In exploring the treatment of obesity and its associated complications, such as Type 2 diabetes and cardiovascular disease, a prominent and popular target is the Glucagon-Like Peptide-1 Receptor (GLP-1R). This member of the G protein-coupled receptor family, located on the cell membranes of various tissues, plays a key role in regulating glucolipid metabolism, insulin secretion, and cardiocerebrovascular protection within the body.
The GLP-1 receptor was first isolated in 1992 by researchers from the Drucker laboratory from a rat pancreatic β-cell cDNA library using expression cloning techniques. This receptor consists of 463 amino acids, belongs to the GPCR family, and has been cloned and confirmed in multiple human tissues, including the brain, lungs, and heart.
GLP-1R is widely distributed in tissues such as the islets of Langerhans, brain, heart, kidneys, and gastrointestinal tract.
Large-scale, cross-ethnic genome-wide association studies on random glucose levels in 476,326 non-diabetic individuals have identified several genetic loci related to the regulation of random blood sugar, including effects on the GLP1R gene. Among these newly identified loci, rare frequency signals suggest that coding variants in GLP1R may impact the process of GLP-1 mediated glucose regulation.
The low-frequency non-synonymous A316T (rs10305492) variation in the GLP1R coding sequence is associated with lower fasting glucose levels and reduced risk of type 2 diabetes, but it is accompanied by a weakened insulin response to glucose challenge, reduced insulinogenic index, and increased 2-hour postprandial glucose levels. Additional genome-wide association analysis involving 61,488 coronary artery disease patients and 163,728 controls found that the variant at rs10305492 in GLP1R is significantly associated with reduced risk of coronary artery disease, independent of the effect on reduced fasting glucose. Individuals carrying this variant also exhibited trends of decreased LDL cholesterol, triglycerides, and systolic blood pressure, along with increased HDL levels. Moreover, besides being associated with a lower risk of type 2 diabetes, this variant may also provide additional cardiovascular health protection.
To date, a considerable number of high-resolution structures of the GLP-1R receptor have been elucidated, primarily through the use of cryo-electron microscopy single-particle techniques. The structures of numerous small molecule and peptide-type orthosteric or allosteric ligands have been resolved.
Based on the structural mechanism studies of GLP-1, Tirzepatide, Danuglipron, LY3502970, and TT-OAD2 involved in GLP-1R receptor recognition, the binding pockets for Danuglipron, LY3502970, and TT-OAD2 are distinctly different: only three residues interact with all three compounds, thirteen residues interact with two of the three compounds, and twenty-two residues only interact with one of the compounds.
The figure below summarizes that, to date, the structures of eight different small molecule agonists have been resolved, all of which are located near the extracellular ligand-binding pocket compared to the GLP-1 peptide. The N-terminal 7His and 8Ala of the GLP-1 peptide are located in a deeper position within the ligand-binding pocket.
The pipeline data below are compiled from the Synapse database: In addition to single GLP-1R targets, GLP-1R combined with multi-target therapies has become a major direction in clinical development.
Given the extensive physiological functions and drug development potential of GLP-1R, targeting GLP-1R has become one of the important approaches in treating obesity.
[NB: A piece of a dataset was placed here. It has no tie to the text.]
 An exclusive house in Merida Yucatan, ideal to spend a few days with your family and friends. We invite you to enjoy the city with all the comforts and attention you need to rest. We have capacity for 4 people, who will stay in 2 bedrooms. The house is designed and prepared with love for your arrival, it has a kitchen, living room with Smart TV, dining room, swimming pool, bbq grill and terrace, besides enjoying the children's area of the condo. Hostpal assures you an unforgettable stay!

GLP-1R agonists such as semaglutide, tirzepatide, and mazdutide not only promote insulin secretion, suppress appetite, and delay gastric emptying, thereby effectively reducing body weight, but also help improve lipid profiles and reduce the risk of cardiovascular diseases.
Innovative therapeutic strategies based on GLP-1 receptor agonists (GLP-1RAs), such as tirzepatide, fixed-ratio combinations of GLP-1RA with basal insulin, combinations of GLP-1RA with sodium-glucose cotransporter-2 inhibitors (SGLT-2i), and high-dose GLP-1RAs, have been listed as one of the most effective options for the treatment of type 2 diabetes.
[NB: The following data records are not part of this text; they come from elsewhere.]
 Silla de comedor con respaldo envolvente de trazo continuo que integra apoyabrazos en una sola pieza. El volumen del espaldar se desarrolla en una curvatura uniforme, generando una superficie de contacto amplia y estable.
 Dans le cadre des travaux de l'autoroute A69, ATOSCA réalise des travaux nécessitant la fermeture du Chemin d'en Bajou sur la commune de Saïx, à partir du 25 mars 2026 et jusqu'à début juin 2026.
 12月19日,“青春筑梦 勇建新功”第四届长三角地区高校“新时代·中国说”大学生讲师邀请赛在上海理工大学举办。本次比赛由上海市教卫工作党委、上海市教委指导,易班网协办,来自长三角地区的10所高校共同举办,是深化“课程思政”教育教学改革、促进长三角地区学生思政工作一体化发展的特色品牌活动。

In a systematic review article that included 40 clinical trials, tirzepatide at 15 mg ranked first in terms of HbA1c reduction rate, compared to other GLP-1RA-based strategies, and even those including insulin. Even when compared with high-dose GLP-1RAs (such as semaglutide 2 mg) and combinations of GLP-1RA with SGLT-2i, 15 mg of tirzepatide was also found to be the most effective in reducing body weight.